One can imagine IIT alumni abroad enhancing opportunities for their businesses by partnering with Indian companies led by IITians here, and vice-versa.
Such "IIT alumni to IIT alumni trade" could apply to many industries and even to higher education, where IIT alumni professors from Indian institutions and those attending from abroad can plan to exchange students and faculty and collaborate across borders on research.
IITians should take advantage of events like this one in Mumbai and other IIT events which are now being held globally with increasing frequency (such as the meetings planned for California in the summer and in Tokyo next fall) to pursue such collaboration.
India's extraordinary emergence in new-age industries — software, Information Technology and Business Process Outsourcing — is the indirect result of Jawaharlal Nehru's faith in scientific education.
Nehru left India with the world's second-largest pool of trained scientists and engineers, integrated into the global intellectual system, to a degree without parallel outside the developed West.
His legacy is not one we can afford to be complacent about.
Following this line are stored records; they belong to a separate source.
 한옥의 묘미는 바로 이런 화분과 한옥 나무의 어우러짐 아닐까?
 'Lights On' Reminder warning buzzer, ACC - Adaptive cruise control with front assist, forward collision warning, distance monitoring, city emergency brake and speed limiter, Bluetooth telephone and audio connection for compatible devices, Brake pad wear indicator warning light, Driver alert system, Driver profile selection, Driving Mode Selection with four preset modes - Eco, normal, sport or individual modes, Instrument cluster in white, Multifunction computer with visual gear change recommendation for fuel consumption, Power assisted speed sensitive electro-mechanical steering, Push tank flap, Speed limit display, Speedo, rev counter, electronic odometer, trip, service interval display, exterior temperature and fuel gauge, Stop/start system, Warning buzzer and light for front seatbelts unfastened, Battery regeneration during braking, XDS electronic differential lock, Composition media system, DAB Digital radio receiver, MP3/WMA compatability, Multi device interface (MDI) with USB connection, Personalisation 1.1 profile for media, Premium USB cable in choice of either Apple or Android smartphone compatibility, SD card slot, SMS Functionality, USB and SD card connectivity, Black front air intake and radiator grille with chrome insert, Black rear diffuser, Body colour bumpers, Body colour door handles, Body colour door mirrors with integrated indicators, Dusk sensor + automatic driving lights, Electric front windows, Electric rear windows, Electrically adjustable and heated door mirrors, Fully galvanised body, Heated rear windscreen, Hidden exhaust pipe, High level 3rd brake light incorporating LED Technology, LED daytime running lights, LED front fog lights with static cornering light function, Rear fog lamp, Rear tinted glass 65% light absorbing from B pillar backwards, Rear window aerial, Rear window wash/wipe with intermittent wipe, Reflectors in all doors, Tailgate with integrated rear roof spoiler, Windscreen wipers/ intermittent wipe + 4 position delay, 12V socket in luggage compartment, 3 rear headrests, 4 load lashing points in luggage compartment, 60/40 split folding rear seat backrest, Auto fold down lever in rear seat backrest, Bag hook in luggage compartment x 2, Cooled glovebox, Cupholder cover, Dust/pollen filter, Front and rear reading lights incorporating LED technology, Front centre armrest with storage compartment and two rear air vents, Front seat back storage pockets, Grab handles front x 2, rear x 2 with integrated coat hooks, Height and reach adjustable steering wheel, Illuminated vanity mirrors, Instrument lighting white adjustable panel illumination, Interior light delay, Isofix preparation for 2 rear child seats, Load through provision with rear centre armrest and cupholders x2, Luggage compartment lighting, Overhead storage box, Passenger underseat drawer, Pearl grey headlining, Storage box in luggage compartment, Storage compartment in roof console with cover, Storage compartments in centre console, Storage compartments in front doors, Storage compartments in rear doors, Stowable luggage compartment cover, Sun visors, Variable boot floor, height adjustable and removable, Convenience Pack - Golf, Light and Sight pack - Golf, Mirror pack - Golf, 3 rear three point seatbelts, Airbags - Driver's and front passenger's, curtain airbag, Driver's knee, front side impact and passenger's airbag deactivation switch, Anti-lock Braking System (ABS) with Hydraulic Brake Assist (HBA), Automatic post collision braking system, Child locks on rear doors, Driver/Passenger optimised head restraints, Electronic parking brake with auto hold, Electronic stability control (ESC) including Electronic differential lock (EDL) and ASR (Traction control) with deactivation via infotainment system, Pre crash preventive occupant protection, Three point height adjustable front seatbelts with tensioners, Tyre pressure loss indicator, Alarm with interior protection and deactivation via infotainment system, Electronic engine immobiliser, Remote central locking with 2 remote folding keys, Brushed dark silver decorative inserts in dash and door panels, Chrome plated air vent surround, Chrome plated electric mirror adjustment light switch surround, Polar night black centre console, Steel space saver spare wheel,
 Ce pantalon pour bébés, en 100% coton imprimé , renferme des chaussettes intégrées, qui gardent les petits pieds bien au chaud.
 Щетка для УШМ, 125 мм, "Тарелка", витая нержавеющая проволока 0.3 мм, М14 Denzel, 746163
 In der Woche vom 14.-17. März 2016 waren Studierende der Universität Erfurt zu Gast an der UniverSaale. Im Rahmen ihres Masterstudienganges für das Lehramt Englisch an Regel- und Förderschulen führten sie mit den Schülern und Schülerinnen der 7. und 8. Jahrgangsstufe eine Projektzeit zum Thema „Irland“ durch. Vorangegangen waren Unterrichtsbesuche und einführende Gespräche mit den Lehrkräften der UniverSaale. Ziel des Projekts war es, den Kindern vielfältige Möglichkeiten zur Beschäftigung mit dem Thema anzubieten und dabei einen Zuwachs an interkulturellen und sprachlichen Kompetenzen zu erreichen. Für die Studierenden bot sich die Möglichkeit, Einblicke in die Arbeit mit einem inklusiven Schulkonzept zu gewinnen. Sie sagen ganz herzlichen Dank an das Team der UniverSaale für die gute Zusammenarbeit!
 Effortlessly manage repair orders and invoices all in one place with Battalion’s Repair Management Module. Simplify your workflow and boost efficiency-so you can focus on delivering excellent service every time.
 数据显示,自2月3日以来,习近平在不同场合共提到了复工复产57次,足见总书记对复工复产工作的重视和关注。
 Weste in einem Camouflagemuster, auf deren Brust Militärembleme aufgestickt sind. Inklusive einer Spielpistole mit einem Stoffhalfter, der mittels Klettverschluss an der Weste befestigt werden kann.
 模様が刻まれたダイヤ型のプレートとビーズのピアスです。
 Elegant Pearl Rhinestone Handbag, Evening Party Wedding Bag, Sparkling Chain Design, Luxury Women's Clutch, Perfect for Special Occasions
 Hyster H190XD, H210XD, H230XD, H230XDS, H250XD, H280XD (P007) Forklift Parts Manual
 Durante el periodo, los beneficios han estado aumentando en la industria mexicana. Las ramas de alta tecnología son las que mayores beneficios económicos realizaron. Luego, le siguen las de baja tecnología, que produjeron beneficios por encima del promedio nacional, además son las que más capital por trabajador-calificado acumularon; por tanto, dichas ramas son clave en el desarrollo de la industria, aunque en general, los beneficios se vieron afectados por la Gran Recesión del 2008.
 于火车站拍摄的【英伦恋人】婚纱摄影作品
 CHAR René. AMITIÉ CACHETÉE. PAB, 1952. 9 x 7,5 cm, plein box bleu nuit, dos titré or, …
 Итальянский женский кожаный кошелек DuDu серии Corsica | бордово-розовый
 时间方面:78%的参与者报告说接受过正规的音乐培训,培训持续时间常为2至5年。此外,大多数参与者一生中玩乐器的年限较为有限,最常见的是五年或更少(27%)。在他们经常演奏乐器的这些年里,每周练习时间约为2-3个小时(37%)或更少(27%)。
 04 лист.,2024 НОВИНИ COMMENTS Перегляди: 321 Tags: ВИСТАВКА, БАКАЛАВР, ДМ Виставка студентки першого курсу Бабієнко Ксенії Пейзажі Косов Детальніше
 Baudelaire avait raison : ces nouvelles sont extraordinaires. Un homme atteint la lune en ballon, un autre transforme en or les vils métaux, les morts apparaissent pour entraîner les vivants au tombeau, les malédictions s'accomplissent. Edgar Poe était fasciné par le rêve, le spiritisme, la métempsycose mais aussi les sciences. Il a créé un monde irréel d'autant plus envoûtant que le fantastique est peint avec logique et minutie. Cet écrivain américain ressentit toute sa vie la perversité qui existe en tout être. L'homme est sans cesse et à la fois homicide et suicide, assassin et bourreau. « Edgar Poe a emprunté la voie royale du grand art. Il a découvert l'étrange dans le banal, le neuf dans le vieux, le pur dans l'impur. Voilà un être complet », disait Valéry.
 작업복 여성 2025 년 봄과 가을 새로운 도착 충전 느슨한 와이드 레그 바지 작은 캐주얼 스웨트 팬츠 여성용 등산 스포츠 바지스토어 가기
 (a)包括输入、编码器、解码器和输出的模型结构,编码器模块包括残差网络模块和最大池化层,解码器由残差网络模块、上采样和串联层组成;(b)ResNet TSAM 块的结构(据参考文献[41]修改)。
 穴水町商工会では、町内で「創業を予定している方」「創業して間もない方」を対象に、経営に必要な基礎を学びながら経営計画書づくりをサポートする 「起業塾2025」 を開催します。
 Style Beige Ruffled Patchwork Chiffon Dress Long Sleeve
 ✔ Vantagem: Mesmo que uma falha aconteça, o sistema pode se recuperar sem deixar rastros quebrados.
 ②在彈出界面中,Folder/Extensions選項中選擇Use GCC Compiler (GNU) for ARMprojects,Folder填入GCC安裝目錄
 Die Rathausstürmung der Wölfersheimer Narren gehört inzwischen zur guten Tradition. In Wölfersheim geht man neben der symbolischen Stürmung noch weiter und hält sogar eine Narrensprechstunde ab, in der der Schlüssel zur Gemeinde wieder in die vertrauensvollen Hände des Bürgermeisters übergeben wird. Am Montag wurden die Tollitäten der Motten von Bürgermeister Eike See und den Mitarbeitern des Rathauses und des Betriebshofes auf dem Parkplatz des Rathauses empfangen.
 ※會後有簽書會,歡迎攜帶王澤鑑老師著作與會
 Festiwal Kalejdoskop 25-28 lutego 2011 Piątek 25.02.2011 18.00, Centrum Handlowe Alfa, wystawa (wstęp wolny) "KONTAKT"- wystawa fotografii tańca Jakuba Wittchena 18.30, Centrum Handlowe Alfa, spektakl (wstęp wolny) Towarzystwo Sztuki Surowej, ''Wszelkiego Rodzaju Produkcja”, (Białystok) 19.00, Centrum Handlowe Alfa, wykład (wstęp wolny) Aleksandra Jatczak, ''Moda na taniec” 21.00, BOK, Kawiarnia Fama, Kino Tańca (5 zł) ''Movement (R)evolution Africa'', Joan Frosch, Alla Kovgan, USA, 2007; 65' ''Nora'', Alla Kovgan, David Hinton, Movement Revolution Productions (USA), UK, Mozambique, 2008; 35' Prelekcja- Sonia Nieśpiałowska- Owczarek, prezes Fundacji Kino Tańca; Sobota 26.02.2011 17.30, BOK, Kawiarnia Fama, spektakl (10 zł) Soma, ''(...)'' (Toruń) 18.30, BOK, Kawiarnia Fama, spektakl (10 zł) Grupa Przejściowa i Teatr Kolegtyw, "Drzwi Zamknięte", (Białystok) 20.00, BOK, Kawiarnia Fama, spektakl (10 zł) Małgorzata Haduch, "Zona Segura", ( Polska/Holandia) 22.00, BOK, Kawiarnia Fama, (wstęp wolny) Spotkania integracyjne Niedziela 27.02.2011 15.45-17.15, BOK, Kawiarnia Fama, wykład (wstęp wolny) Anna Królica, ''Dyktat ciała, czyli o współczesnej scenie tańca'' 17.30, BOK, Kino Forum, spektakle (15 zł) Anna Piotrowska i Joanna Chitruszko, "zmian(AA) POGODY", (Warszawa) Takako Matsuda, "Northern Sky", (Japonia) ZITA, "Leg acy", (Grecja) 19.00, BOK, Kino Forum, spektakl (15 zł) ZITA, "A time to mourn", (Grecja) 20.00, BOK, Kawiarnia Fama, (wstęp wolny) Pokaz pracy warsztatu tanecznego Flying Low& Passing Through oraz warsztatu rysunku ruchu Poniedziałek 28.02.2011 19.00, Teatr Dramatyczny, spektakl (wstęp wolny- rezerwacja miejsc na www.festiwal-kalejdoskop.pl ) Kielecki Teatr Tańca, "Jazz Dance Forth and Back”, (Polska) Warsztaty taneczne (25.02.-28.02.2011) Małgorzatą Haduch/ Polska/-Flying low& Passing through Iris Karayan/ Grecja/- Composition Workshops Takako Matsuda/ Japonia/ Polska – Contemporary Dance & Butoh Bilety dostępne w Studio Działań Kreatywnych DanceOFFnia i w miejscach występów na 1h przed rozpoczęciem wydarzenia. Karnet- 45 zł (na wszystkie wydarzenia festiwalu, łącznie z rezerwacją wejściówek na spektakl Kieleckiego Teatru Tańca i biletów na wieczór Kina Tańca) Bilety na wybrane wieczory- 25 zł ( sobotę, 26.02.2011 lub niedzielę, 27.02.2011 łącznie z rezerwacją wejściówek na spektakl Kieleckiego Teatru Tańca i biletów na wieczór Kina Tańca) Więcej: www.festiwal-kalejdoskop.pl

After all, the roots of Indian science and technology go far deeper than Nehru.
The Rig Veda asserted that gravitation held the universe together 24 centuries before the apple fell on Newton's head.
The Vedic civilisation subscribed to the idea of a spherical earth at a time when everyone else, even the Greeks, assumed the earth was flat.
And yet, we lost the global lead in science and technology for over a millennium. This New Year's, it is time to resolve that we will never allow ourselves to slip behind again.
That will require resources — serious money for research, world-class lab facilities. But above all it will require one commodity India is not short of — brains (and the determination to use them).
"Brand IIT" has shown the way. In 2007, we must start to scale this up to the point where one day "Brand India" becomes synonymous not with cheap products or services but with the highest standards of scientific and technological excellence.